MDX Solutions: SORTING using ORDER and TOPCOUNT functions

As with most applications there are many different ways to complete a task and sorting in MDX is no exception. Furthermore, Analysis Services utilization of hierarchies further complicates the method and implementation of sorting routines. SSAS actually has several potential layers of sorting, we can set the sorting at the dimension level or force sorting during query run time. For dimension attributes, we can actually set the Order By property in SSDT to either a dimension attribute Name or a Key as displayed below for the Product attribute under the DimProduct dimension. Additionally, the sort order defined on the dimension attribute property screen can only be the name or the key and is always in ascending order.

SORTING in MDX

-- A MDX member order is defined in UDM
SELECT [Measures].[Order Quantity] on COLUMNS
    ,NON EMPTY [DimProduct].[Product].[Product].Members on ROWS
FROM [Cube];

-- B Use ORDER() function for sorting members in DESCENDING order
SELECT [Measures].[Order Quantity] on COLUMNS
,NON EMPTY
ORDER(
    [DimProduct].[Product].[Product].Members
    ,[DimProduct].[Product].CurrentMember.Member_Name
    ,DESC
    ) on ROWS
FROM [Cube];

-- C Use ORDER() function for sorting using measures 
SELECT [Measures].[Order Quantity] on COLUMNS
,NON EMPTY
ORDER(
    [DimProduct].[Product].[Product].Members
    ,[Measures].[Order Quantity]
    ,ASC
    ) on ROWS
FROM [Cube];

Getting TOP N rows sorted by dimension attributes

Sorting by attribute name does not requires sorting in ascending order as members are already stored in sorted order in cube so we can use HEAD function to return top members from ORDERED SET

SELECT [Order Quantity] on COLUMNS
, HEAD(
    [DimProduct].[Product].[Product].Members
    , 5
    ) on ROWS
FROM [Cube];

Now if there are members present at the start with no orders, output will contain nulls. To eliminate null we can use NON EMPTY keyword as shown below.

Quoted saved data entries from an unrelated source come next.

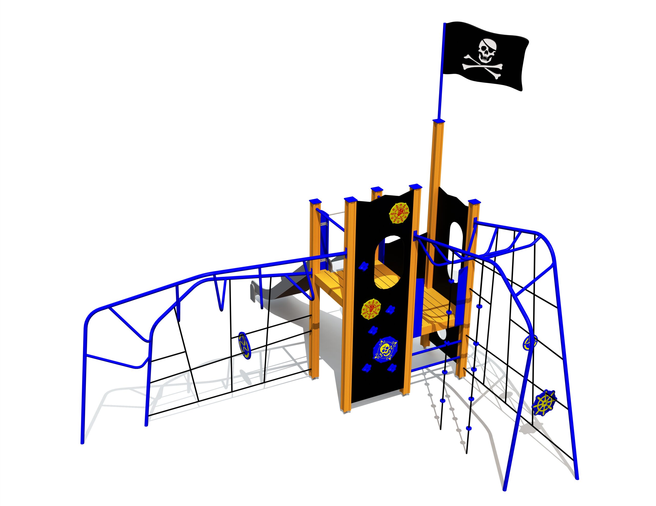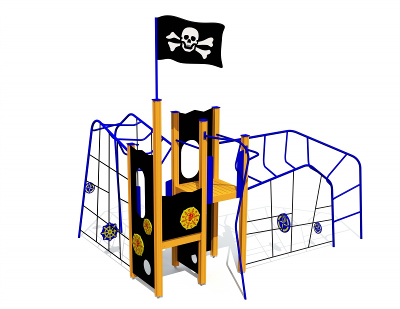 Pirattematiserad lekställning för aktiv lek, samarbete och fantasifulla äventyr på lekplatsen.
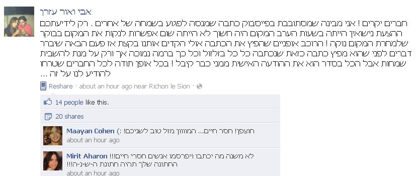 מטרתו של ייבגני ושאר המשתפים כמובן, היא לגלות מי הוא הזוג שגרם לבלאגן ולהעמיד אותם על טעותם. על פניו, מטרה טובה. עכשיו היו אמיתיים לרגע עם עצמכם. נכון, סביר להניח שאם אתם אנשים עם דרך ארץ בסיסית, אתם תנקו אחריכם. אולם המציאות היא לא כזאת, וכולנו ממש לא טלית שכולה תכלת. כולנו זרקנו מתישהו משהו על הרצפה, או התעצלנו להרים נייר או שקית שנפלו והחלו לעוף. כולנו נתקלנו בהמוני ישארלים שמשאירים אחריהם פארקים מזובלים, או בילדים שזורקים ניר של ארטיק על הרצפה כי ככה ההורים אומרים להם. אז אולי אף אחד מאיתנו לא מזבל בכמות כזאת, ואולי זריקת בדל סיגריה על הרצפה היא פחות חמורה מכמות הזבל שהשאיר אחריו הזוג המאושר, אך האם זו סיבה מספיק טובה לבצע בשניים לינץ' פייסבוקי? האם זה מה שיחנך את העם? כשייחשף הזוג, ישראל תהפוך למדינה נקייה?
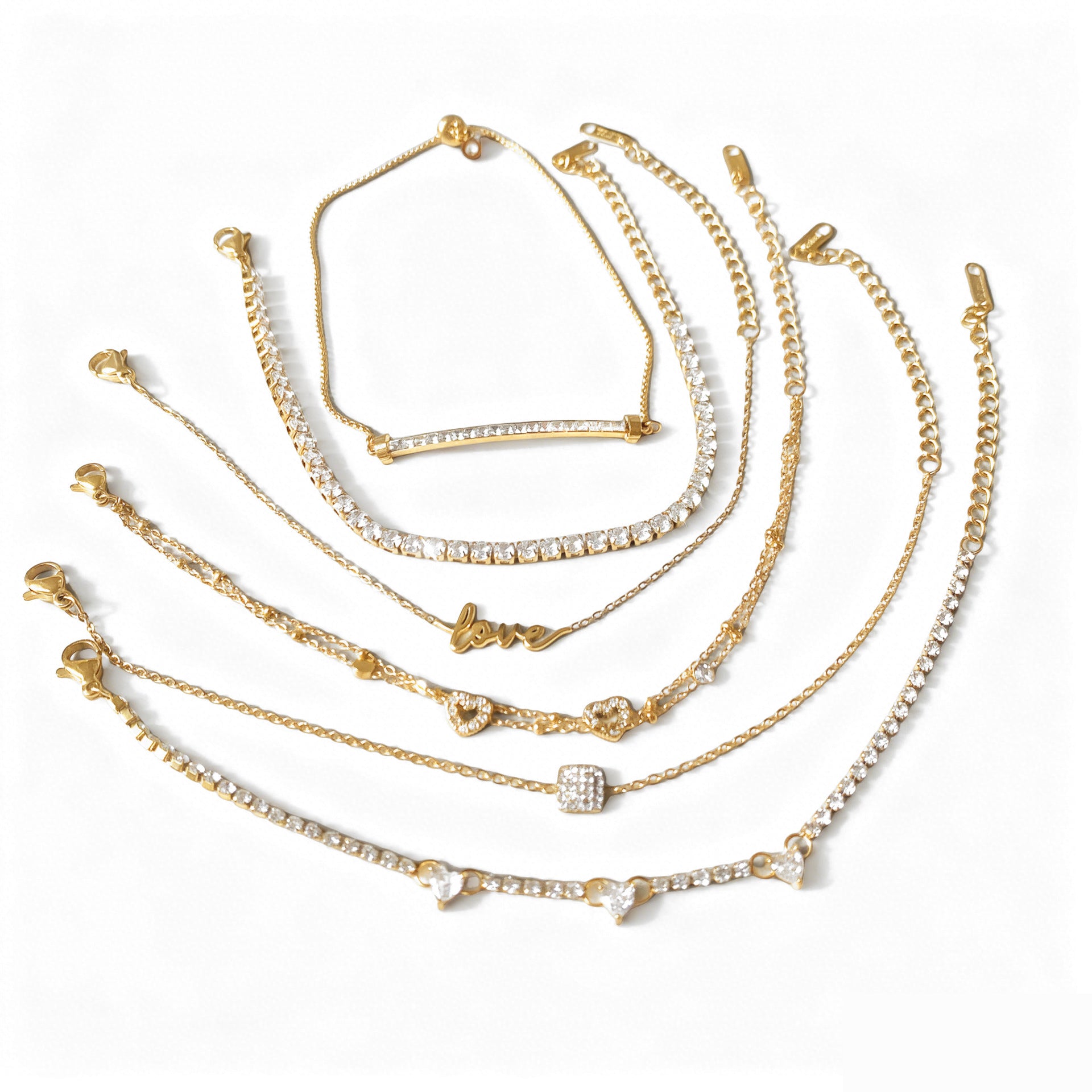 Elevate your style with our exquisite set of layered bracelets for women. Each bracelet features delicate gold - tone chains adorned with sparkling diamonds and charming charms, including a heart - shaped charm and a "love" script charm. The combination of elegance and playfulness makes these bracelets perfect for any occasion, whether it's a special event or everyday wear. Mix and match them to create your unique look.
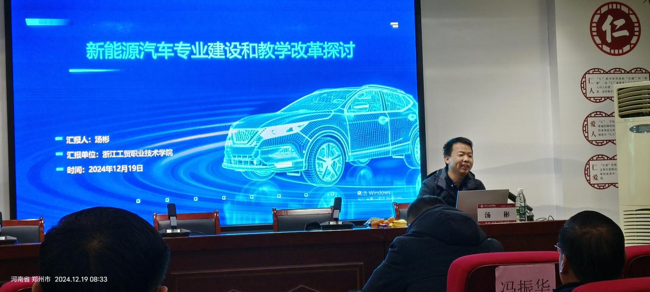 12月19日,浙江工贸职业技术学院光电制造学院汽车检测与维修专业主任汤彬受邀参加了2024年河南省技工院校新能源汽车专业培训班,并在会上作了题为“新能源汽车专业建设与教学改革”的专题报告。汤老师的报告中,首先介绍了新能源汽车产业的发展现状、趋势和人才需求等,指出新能源汽车产业正处于快速发展阶段,并就新能源汽车专业的开设情况、在校生规模和毕业学生的就业情况进行了分享,最后就新能源汽车专业建设方面的实践经验,详细阐述了专业建设的关键要素和改革方向。在报告中,汤老师还分享了浙江工贸职业技术学院在新能源汽车技术专业教学改革中的具体做法和取得的成效。

--Here NON EMPTY keyword removes null after tuples values have been calculated 
SELECT [Order Quantity] on COLUMNS
,NON EMPTY HEAD(
    [DimProduct].[Product].[Product].Members
    , 5
    ) on ROWS
FROM [Cube];

Now the less than 5 members are shown after eliminating nulls, we don’t want this, we want to remove null values before HEAD is applied so we have to use NONEMPTY function inside HEAD function.

SELECT [Order Quantity] on COLUMNS
, HEAD(
    NONEMPTY ([DimProduct].[Product].[Product].Members,[Order Quantity])
	, 5
	) on Rows
FROM [Cube];

Now if we want to sort in descending order of dimension attribute name we can use below query

SELECT [Order Quantity] on COLUMNS
, HEAD(
    ORDER(
       [DimProduct].[Product].[Product].Members
       ,[DimProduct].[Product].CurrentMember.Member_Name
       ,DESC
       )
       , 5
     ) on Rows
FROM [Cube];

Getting TOP N rows sorted by measures (using TOPCOUNT)

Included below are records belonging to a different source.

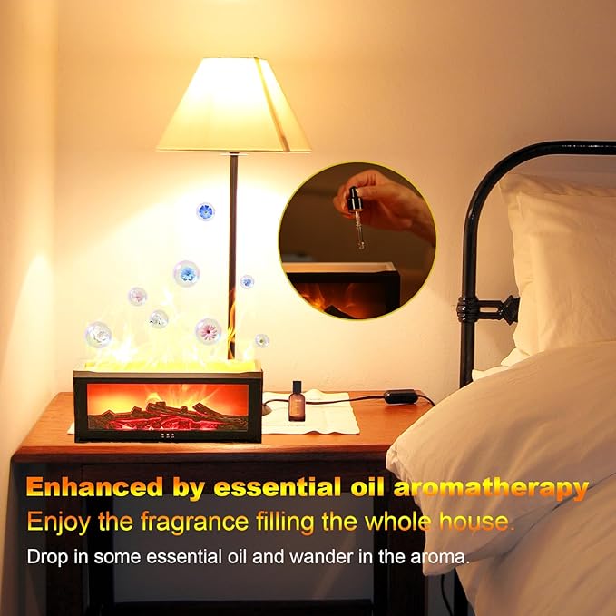 - 【Multi-Functional Design Humidifiers For Bedroom】: This flame diffuser combines a fireplace diffuser and humidifier flame for aromatherapy. Enjoy mini humidifier benefits with 7-color changing oil diffuser. Perfect as a room diffuser or desk humidifier.
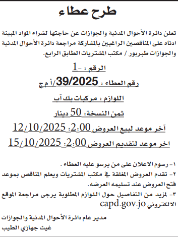 عطاء شراء مركبات بك اب لدائرة الاحوال المدنية والجوازات
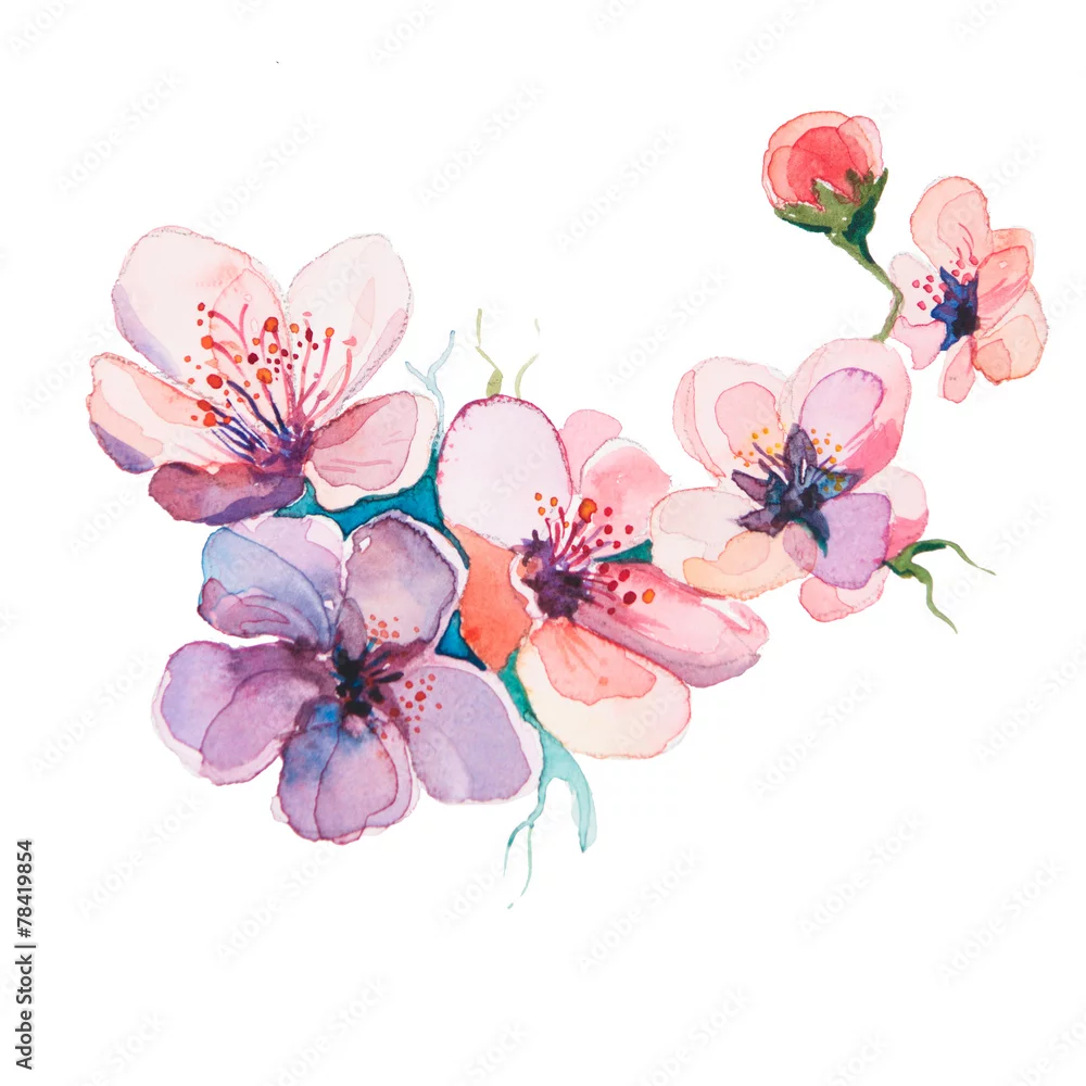 Naklejka na ścianę wiosenne kwiaty akwarele na białym tle
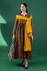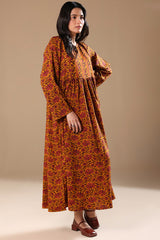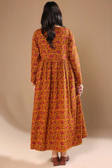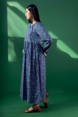 A printed long flared dress with a round neckline and V-slit. Gathers along the empire waist enhance the silhouette, for a chic, flowy vibe.
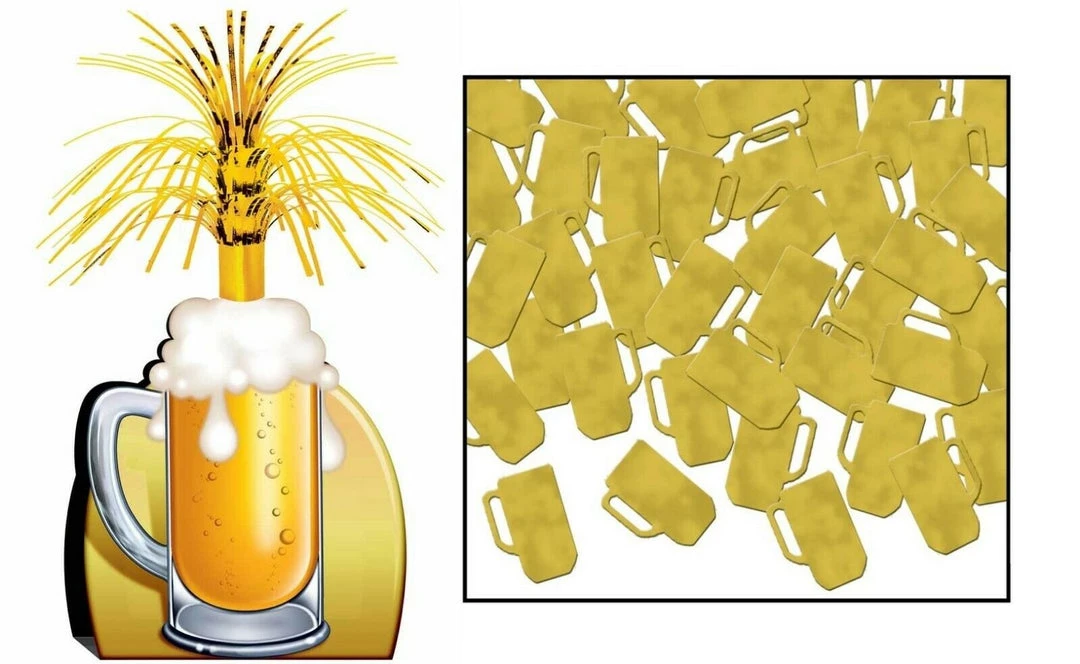 Cheers to this great decoration! This Oktoberfest Beer Mug Centrepiece will be great for the middle of your party table. This centrepiece features a golden foil cascade top with a cardboard picture of a beer mug.Â

SELECT [Order Quantity] on COLUMNS
,HEAD(
   ORDER(
       [DimProduct].[Product].[Product].Members
       ,[Order Quantity]
       ,DESC
       )
       ,5
    )
 on ROWS
FROM [Cube];

Another way to do the same thing. Instead of Head + Order we can use TopCount function as shown below.

--TOPCOUNT( «Set», «Count», «Tuple» )
SELECT [Order Quantity] on COLUMNS
,TOPCOUNT(
    [DimProduct].[Product].[Product].Members
    ,5
    ,[Order Quantity]
  ) on ROWS
FROM [Cube];

Although Head-Order can be useful for getting the result, TopCount() is the preferred way of implementing the requirement of isolating the best N members. This is because the Order() function is a relatively slow MDX function because it materializes the set, and the query optimizer may not be successful in optimizing the query by recognizing the Head-Order construct as a TopCount() function.

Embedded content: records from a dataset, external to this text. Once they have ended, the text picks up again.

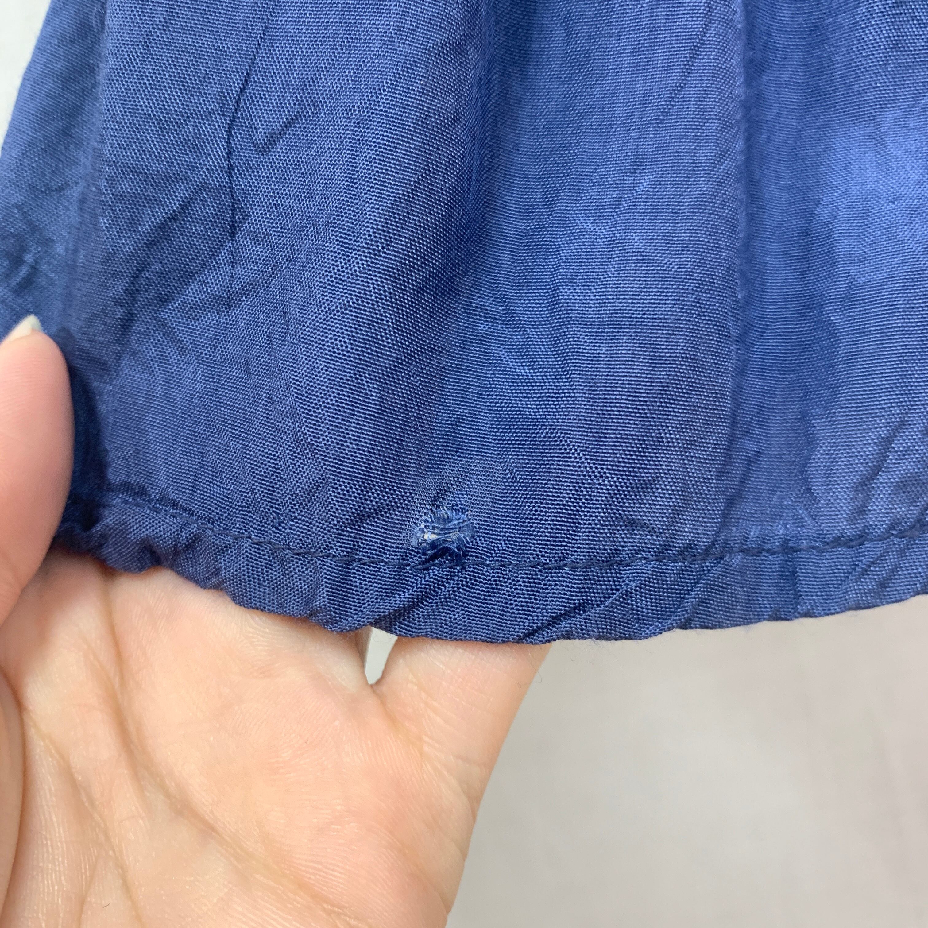 前中央の裾、右サイド縫い目あたりにダメージがございます。(写真13枚目〜)
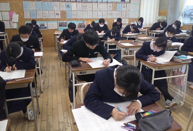 3年生の授業風景です。どのクラスも、一人一人が集中して課題に取り組んでいます。
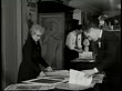 MOT 1949: MUSEUM OF THE CITY OF NEW YORK: Miss Seymour going through theatre posters CU Joe Jefferson poster. 'The Honor of the Family' w/ Otis Skinner (1926) theatre poster. 'The Constant Wife' w/ Ethel Barrymore (1926). 'Easy Virtue' w/ Jane Cowl (1926

Getting TOP N sorted rows with FILTERING

In above query you actually ask to the top 5 selling products for all times. All dimensions that are not mentioned in TopCount() function’s 3rd argument will point to their all level. Lets say we want to point to a specific year say year 2007.

WITH SET FiveBestProducts AS
TOPCOUNT(
    [DimProduct].[Product].[Product].Members
    ,5
    ,[Order Quantity]
  ) 
SELECT {[Order Quantity]}*{[DimDate].[Year].&[2007]} on COLUMNS
      ,FiveBestProducts on ROWS
FROM [Cube];

Above query results does not seems correct as the result contains the same top 5 products which were evaluated in the context of all years, with their order quantity in single year 2007 displayed on the columns. In other words, we got the best N members in all years but then displayed their sales amount for a single year, 2007.
This is happening because The top N members are being evaluated in the context of the slicer(All Periods), not in the context of the opposite query axis as axes are evaluated independent of each other, so only the members in slicer are implicitly included in the third argument of the TopCount() function. (which is a mechanism known as Deep Autoexists: http://tinyurl.com/AutoExists).
TopCount() function’s context can also be set by any outer MDX construct such as GENERATE() function (see example below), but here we didn’t have such a case, so we can focus on the slicer and axes relation only. To conclude, only when the year 2007 is found in the slicer, then the third argument will be expanded into a tuple, and the result will be evaluated as the top N member in the year 2007. To make it work we need to rewrite query to either include [DimDate].[Year].&[2007] in slicer or in the third argument of the TopCount() function by making it tuple by replacing [Order Quantity] with ([Order Quantity], [DimDate].[Year].&[2007]).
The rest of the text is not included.